Taking the legal road is costly (depending on devices, I suppose).
Switch V1, you have $300 for device, $10 to $100 for injectors/jig, and then $60 per game (varies by game though).
Switch V2+, you have $300 for the device, $100+ for the chip, $100-$500 for installation equipment or labor, $10 for jig, and $60 per game
That's newer equipment, so still has the new high price.
Stuff like the Gamecube and up will range from $100 to $300 for the time being, not including games.
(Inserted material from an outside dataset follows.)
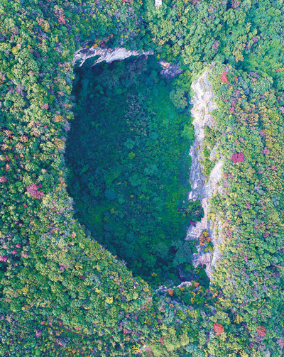 在黔桂交界处的广西乐业县,当地群众称为“大石围”的天坑群内部,生长着茂密的植物。
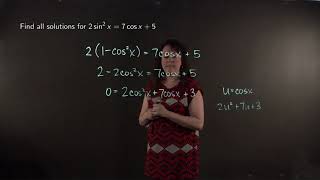 Solution Method: This equation has both sine and cosine terms and differing powers, which makes it complicated to solve. It is easier to solve an equation of one trig value. This is where trig identities come in. Specifically, the Pythagorean identity \(\sin^2{x}+\cos^2{x}=1\), relates sine and cosine. I have a \(\sin^2{x}\) in my equation, so I can solve the identity for \(\sin^2{x}\) in terms of \(\cos{x}\), and substitute in to the equation. \[\begin{aligned} \sin^2{x}+\cos^2{x}=1 \\ \sin^2{x}=1-\cos^2{x} \end{aligned}\] \[\begin{aligned} 2\sin^2{x}&=1+\cos{x} \\ 2(1-\cos^2{x})&=1+\cos{x} \\ 2-2\cos^2{x} &= 1+\cos{x} \end{aligned}\] Now I have a quadratic of cosine, so I’ll move all terms onto one side so my quadratic is equal to zero. \[\begin{aligned} -2\cos^2{x}-\cos{x}+1 &=0 \\ 2\cos^2{x}+\cos{x}-1 &=0 \end{aligned}\] Now I’ll try to factor the quadratic of cosine like I would the equation \(2x^2+x-1=0\). So I need two numbers that multiply to be -2 and sum to 1. So they must be 2 and -1.Since the leading coefficient of the quadratic is not one, we will split \(\cos{x}\) into \(2\cos{x}\) and \(-\cos{x}\) and factor by grouping. \[\begin{aligned} 2\cos^2{x}+\cos{x}-1 &=0 \\ 2\cos^2{x}+2\cos{x}-\cos{x}-1 &= 0 \\ 2\cos{x}(\cos{x}+1)-(\cos{x}+1) &= 0 \\ (2\cos{x}-1)(\cos{x}+1) &= 0 \end{aligned}\] So now I can set each factor to 0 separately and solve for x. \[\begin{aligned} 2\cos{x}-1&=0 \\ 2\cos{x}&=1 \\ \cos{x} &= \frac{1}{2} \end{aligned}\] The reference angle that produces cosine equal to \(\frac{1}{2}\) is \(\frac{\pi}{3}\). The one-half is positive. Cosine is positive in (ASTC) Q1 and Q4. So the values satisfying \(\cos{x}=\frac{1}{2}\) on \([0,2\pi]\) are \(\frac{\pi}{3}\) in Q1 and \(\frac{5\pi}{3}\) in Q4. But I was asked to find all the values of x satisfying the equation. Since trig functions are periodic, they repeat themselves every rotation, every \(2\pi\). So every full rotation, \(2\pi\), from \(\frac{\pi}{3}\) and \(\frac{5\pi}{3}\) is another value satisfying the equation. So we can represent all the values satisfying the equation as \(x=\frac{\pi}{3} + 2\pi n, n\in \mathbb{Z}\) and \(x=\frac{5\pi}{3} + 2\pi n, n\in \mathbb{Z}\). The \(2\pi\) represents a full rotation back to where we started and \(n\) is an integer (...-2,-1,0,1,2...) which represents how many rotations we’ve made (forwards or backwards).

PS4 is going for higher due to jailbreaks for higher firmware versions.
Older stuff like a DS and earlier may be $100 and higher. Take something like an NES. May be a few hundred for working hardware and, if you can't find the game for cheap from a regular reseller, a few thousand for games from a collector.
The title of the video is a clickbait. The video itself is not (surprisingly). So don't raise your pitchforks, please.
Nintendo should do what SEGA did and put their ROMs on Steam and other stores with their own emulator, allowing the user to run the packaged ROMs in other emulators.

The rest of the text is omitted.